• [EXERCISE DIRECTIONS] Where a record contains a picture, omit the picture and repeat the rest exactly.

Items from a dataset:
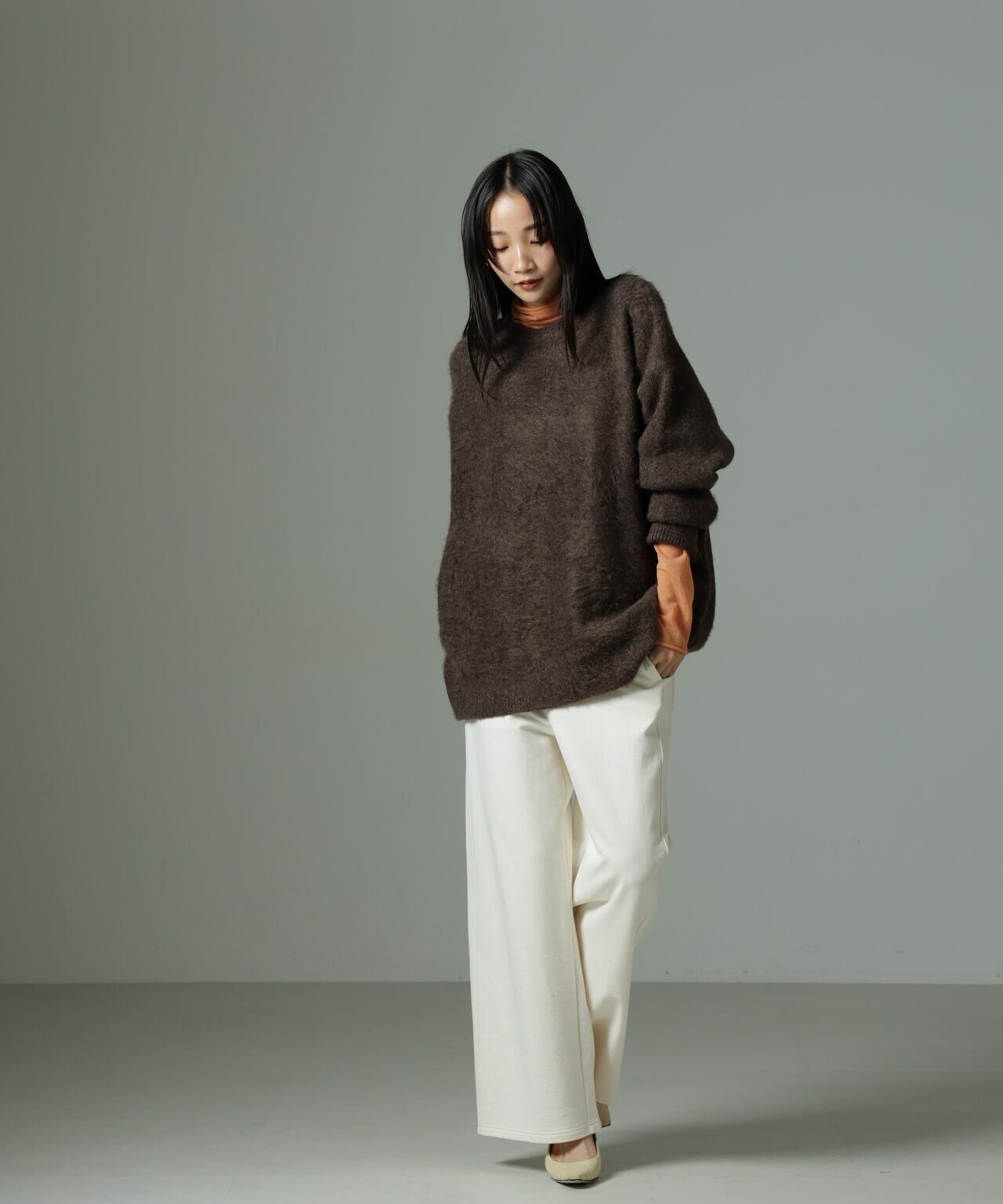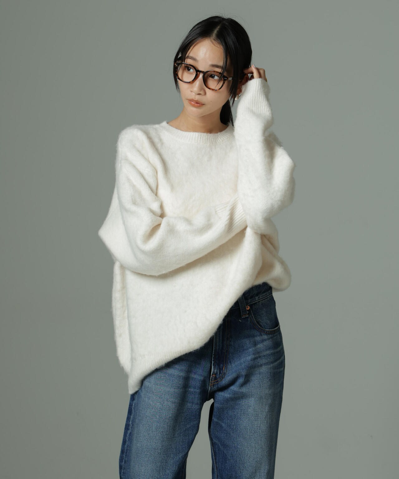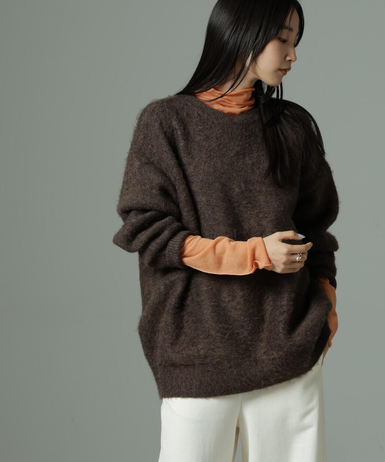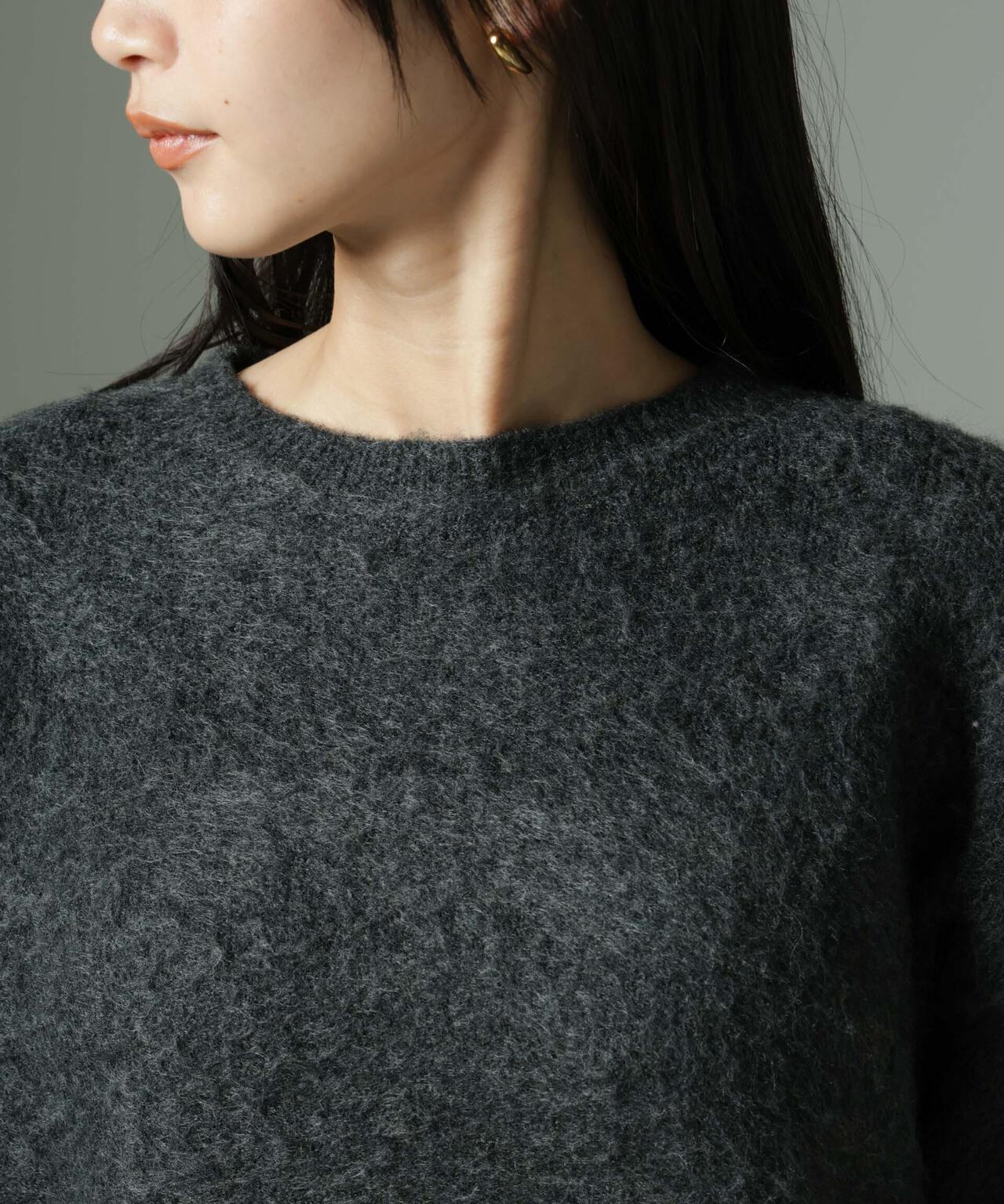 ・ふわふわした表面感と、柔らかで暖かみのある着心地の良さが特徴のニット
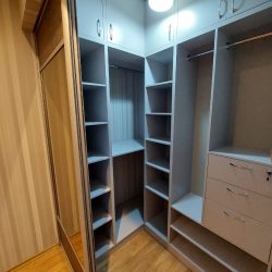 Гардеробная система для кладовки – отличное решение для подсобного помещения. Комплект полок и шкафов поможет грамотно, эргономично использовать доступное пространство. Удобные ниши и тумбы позволяют сложить и развесить, расставить любые предметы, одежду, обувь, аксессуары.
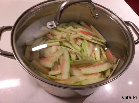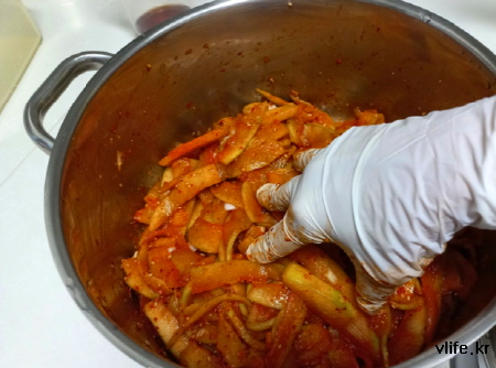 무 생채나 오이 무침 등 소금에 절였다 무치는 요리할 때 양푼보다 냄비를 사용했더니 좋더라고요.
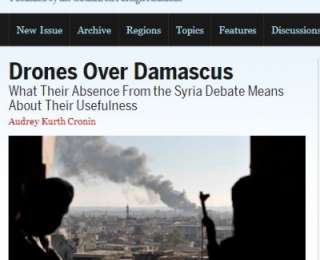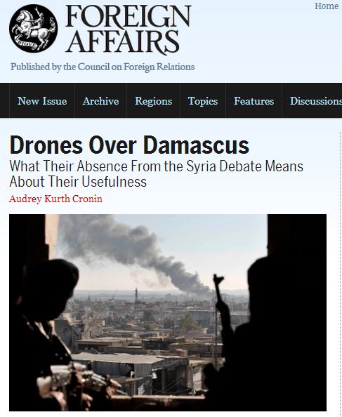 Սեպտեմբերի 2-ին այս պարբերականի կայքում հրապարակված հոդվածում, որը վերնագրված է «Անօդաչու սարքերը Դամասկոսի վրա», հանդիպում ենք մի շարք անհիմն պնդումներ, որոնք հարիր չեն լուրջ համարվող այնպիսի պարբերականի, ինչպիսին է «Foreign Affairs»-ը:
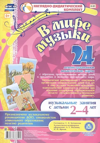 "В мире музыки". Наглядно-дидактический комплект для детей 2-4 лет. Содержит 24 демонстрационные дидактические карты. Предназначено музыкальному руководителю ДОО, специалистам дошкольного образования, полезно родителям.
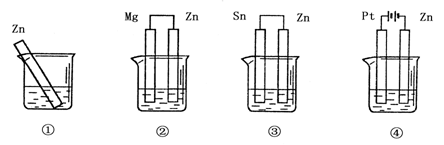 分别放在0.1mol·L-1H2SO4溶液中的四块相同的纯锌片,其腐蚀速率由快到慢的顺序是( )

• [RESULT]
 ・ふわふわした表面感と、柔らかで暖かみのある着心地の良さが特徴のニット
 Гардеробная система для кладовки – отличное решение для подсобного помещения. Комплект полок и шкафов поможет грамотно, эргономично использовать доступное пространство. Удобные ниши и тумбы позволяют сложить и развесить, расставить любые предметы, одежду, обувь, аксессуары.
 무 생채나 오이 무침 등 소금에 절였다 무치는 요리할 때 양푼보다 냄비를 사용했더니 좋더라고요.
 Սեպտեմբերի 2-ին այս պարբերականի կայքում հրապարակված հոդվածում, որը վերնագրված է «Անօդաչու սարքերը Դամասկոսի վրա», հանդիպում ենք մի շարք անհիմն պնդումներ, որոնք հարիր չեն լուրջ համարվող այնպիսի պարբերականի, ինչպիսին է «Foreign Affairs»-ը:
 "В мире музыки". Наглядно-дидактический комплект для детей 2-4 лет. Содержит 24 демонстрационные дидактические карты. Предназначено музыкальному руководителю ДОО, специалистам дошкольного образования, полезно родителям.
 分别放在0.1mol·L-1H2SO4溶液中的四块相同的纯锌片,其腐蚀速率由快到慢的顺序是( )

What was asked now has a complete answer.